I'm determined not to miss any planting windows this year. So here is a run down of this week's plantings with photos. I've set up a growing system for myself, which I tweak occasionally. Work routines seem to help. So here's what our small courtyard looks like at the moment. Three mini-greenhouses plus a few tables and chairs to raise the pots up a little. We're into our second big phase of planting:

From left to right:
Little gem lettuces in a plug planter, started a month ago. Some of these I'll take to plant out today on the allotment and I'll put a few in the courtyard for the odd sandwich, and in case I can't make it down to the lottie during the week.
  1. Wild Rocket ready to plant out - this is a perennial plant so I'm hoping it will save me some work as I won't have to plant it out again every year.
  2. Large coir pots with Courgettes (3) to be planted out when they are large enough.
  3. Sweetcorn
  4. Balconi tomatoes - yellow and red
  5. Small pumpkins
  6. Lunch box cucumbers (long white paris)
  7. Globe Artichokes
  8. Two large pots of leeks to plant out in June.
  9. Melon
  10. Basil
  11. Pot of strawberries recovering from their journey through the post.
  12. Sugar snap peas
  13. Two tomatoes a bit further on
  14. Two pots of flowers
  15. Pot of calendula
  16. Tray of green and gold Orach

In this picture there's calabrese (started off a month ago). Coriander and lettuce seedlings (Lollo Rosso) to be planted out when they are big enough.
Oh, and broad beans in root trainers. They'll go out on the lottie in about ten days, I would think.

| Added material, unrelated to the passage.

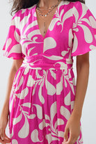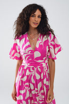 Robe longue à imprimé floral fuchsia avec dos ouvert
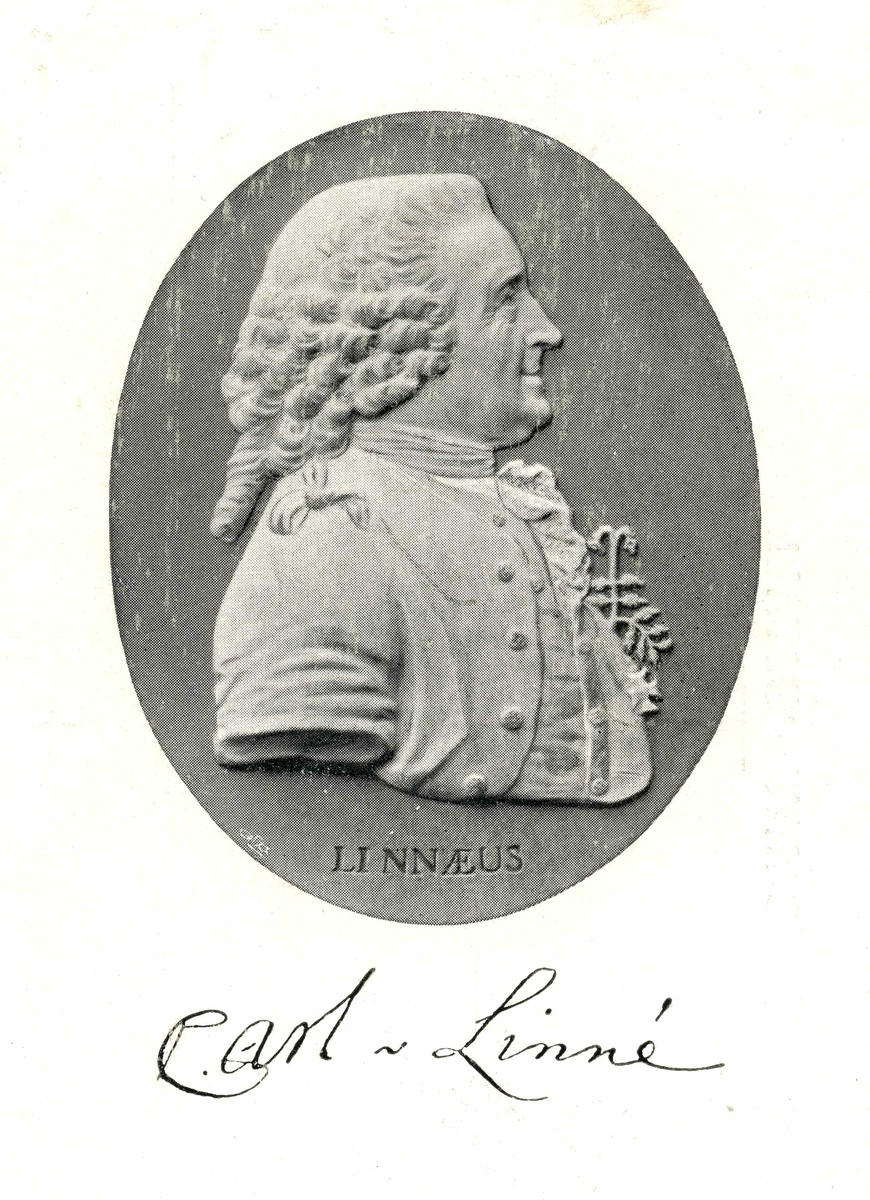 Vykort med relief föreställande Carl von Linné.

Close up of the lettuce seedlings. Best get on down to the lottie. Good weather waits for no man. (Or woman).

1 comment:

  1. Hello, I like he way you are organising your planting. It's always a frenzy in spring isn't it, I line up the seed packets, in order of planting, and can't see me for seeds and trays through half of march and April!

    A couple of thoughts on two of your items. This may be different for you, but I have found coir very very slow to break down, in some instances even vigorous roots have been part bound in them. I'd be interested to hear how other people have got on with them.

    The other think is wild rocket. I grow the perennial Wild Rocket, like you and also the broader-leaved Rucola, an annual, quite vigorous and good for succession-sowing. Wild rocket is a brassica, so I tend to treat it as an annual to maintain my rotation. However I did once leave it in a side bed for 2 or three years and noticed that the leaves became less lush as the plants got older.